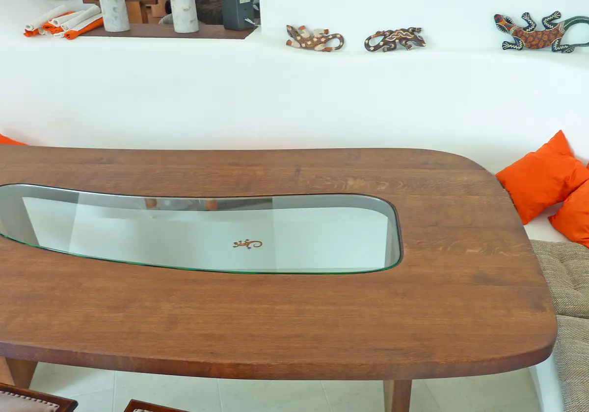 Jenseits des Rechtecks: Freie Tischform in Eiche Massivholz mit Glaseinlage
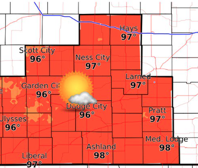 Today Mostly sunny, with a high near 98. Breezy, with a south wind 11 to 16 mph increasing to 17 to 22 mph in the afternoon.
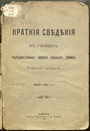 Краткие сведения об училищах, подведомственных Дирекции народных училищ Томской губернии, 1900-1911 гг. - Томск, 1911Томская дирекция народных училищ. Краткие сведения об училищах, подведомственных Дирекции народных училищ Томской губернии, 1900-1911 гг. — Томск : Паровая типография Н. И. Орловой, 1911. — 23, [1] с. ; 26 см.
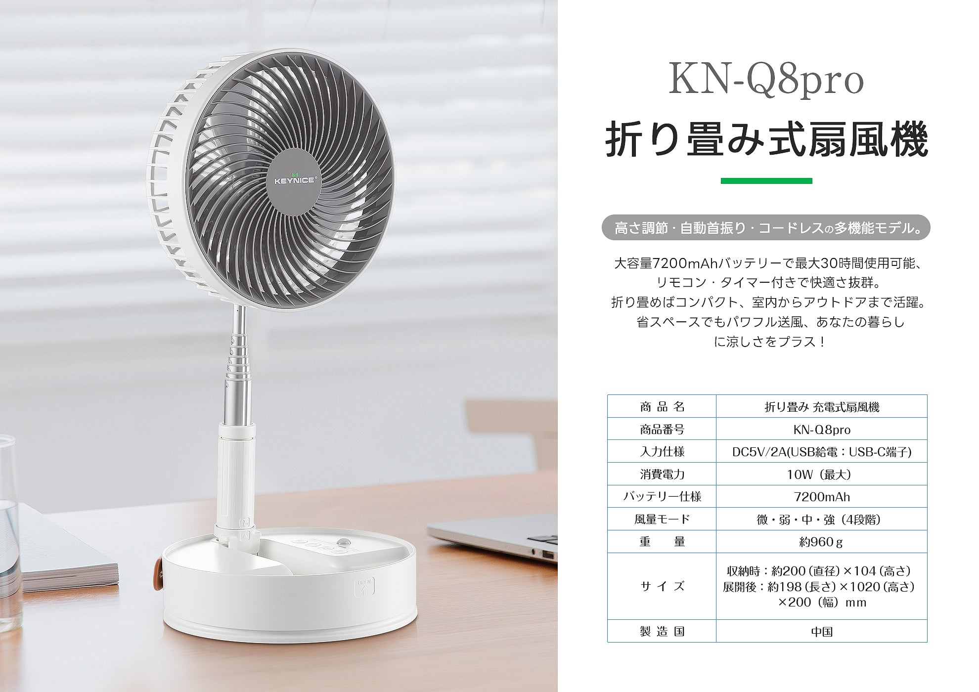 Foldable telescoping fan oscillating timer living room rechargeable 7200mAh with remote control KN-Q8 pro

==

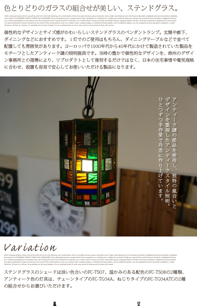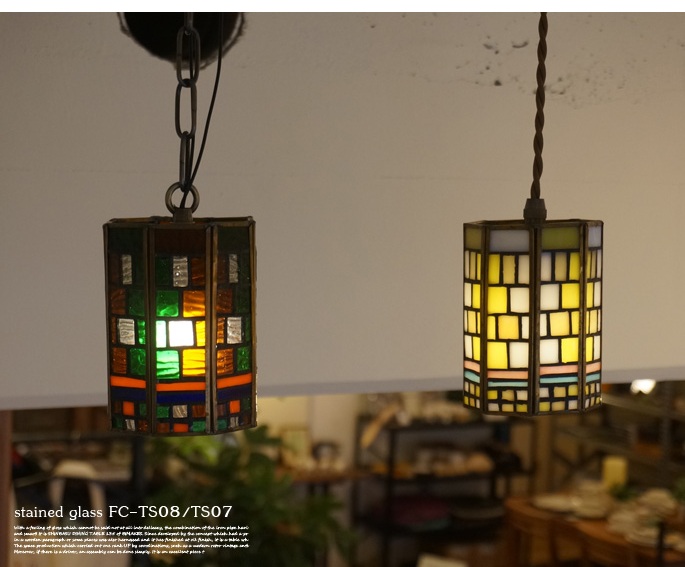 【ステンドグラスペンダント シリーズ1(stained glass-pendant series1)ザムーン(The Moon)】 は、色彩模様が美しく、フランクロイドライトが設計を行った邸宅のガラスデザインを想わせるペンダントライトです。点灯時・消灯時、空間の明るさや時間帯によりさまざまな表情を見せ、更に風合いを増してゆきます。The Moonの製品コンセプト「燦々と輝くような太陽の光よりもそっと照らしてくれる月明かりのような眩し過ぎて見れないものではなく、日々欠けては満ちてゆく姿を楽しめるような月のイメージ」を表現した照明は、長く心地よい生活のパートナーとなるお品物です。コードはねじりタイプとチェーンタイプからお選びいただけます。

---

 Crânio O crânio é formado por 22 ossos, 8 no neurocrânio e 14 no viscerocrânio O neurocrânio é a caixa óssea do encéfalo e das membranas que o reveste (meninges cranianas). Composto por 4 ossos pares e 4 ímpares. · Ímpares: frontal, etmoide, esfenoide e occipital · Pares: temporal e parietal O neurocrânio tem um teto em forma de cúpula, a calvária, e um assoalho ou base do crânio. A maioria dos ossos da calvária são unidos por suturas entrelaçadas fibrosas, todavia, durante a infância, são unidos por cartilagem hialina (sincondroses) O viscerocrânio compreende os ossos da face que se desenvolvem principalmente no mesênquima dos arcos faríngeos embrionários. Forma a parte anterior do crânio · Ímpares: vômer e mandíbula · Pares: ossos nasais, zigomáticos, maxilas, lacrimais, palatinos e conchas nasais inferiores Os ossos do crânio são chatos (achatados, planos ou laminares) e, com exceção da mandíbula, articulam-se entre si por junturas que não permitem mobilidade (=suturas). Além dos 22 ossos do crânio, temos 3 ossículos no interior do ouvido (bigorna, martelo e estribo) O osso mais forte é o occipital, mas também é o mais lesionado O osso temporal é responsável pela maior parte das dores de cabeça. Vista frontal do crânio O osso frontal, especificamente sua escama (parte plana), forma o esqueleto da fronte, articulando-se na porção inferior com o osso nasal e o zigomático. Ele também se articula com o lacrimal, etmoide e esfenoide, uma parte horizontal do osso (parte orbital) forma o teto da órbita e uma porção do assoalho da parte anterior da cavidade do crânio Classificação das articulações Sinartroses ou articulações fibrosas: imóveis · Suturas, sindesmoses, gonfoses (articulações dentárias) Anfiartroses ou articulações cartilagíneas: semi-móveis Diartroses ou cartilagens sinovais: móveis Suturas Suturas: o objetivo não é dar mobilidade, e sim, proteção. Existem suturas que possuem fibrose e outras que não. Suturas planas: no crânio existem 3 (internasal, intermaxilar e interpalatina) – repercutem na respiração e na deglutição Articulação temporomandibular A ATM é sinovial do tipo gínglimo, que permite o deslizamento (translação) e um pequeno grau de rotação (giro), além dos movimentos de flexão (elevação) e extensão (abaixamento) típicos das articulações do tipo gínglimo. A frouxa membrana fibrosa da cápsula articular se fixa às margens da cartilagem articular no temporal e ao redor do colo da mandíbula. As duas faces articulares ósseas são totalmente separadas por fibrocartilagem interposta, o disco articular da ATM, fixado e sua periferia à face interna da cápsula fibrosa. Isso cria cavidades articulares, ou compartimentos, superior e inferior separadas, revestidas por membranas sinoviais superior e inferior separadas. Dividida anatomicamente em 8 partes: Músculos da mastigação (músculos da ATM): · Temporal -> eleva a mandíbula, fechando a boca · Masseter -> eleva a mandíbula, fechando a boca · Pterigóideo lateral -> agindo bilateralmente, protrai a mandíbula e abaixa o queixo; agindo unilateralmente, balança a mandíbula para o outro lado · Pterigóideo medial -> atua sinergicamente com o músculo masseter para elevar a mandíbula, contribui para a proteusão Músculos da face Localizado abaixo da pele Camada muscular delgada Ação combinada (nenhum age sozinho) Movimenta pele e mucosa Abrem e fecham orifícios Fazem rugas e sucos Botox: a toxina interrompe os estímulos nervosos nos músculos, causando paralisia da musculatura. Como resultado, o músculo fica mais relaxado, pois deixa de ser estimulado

Requirement: Text only, no pictures: please print exactly the lines above from the line with "Jenseits des Rechtecks: Freie" up to and including the line with "Foldable telescoping fan", and nothing else.

Reply to the task:
 Jenseits des Rechtecks: Freie Tischform in Eiche Massivholz mit Glaseinlage
 Today Mostly sunny, with a high near 98. Breezy, with a south wind 11 to 16 mph increasing to 17 to 22 mph in the afternoon.
 Краткие сведения об училищах, подведомственных Дирекции народных училищ Томской губернии, 1900-1911 гг. - Томск, 1911Томская дирекция народных училищ. Краткие сведения об училищах, подведомственных Дирекции народных училищ Томской губернии, 1900-1911 гг. — Томск : Паровая типография Н. И. Орловой, 1911. — 23, [1] с. ; 26 см.
 Foldable telescoping fan oscillating timer living room rechargeable 7200mAh with remote control KN-Q8 pro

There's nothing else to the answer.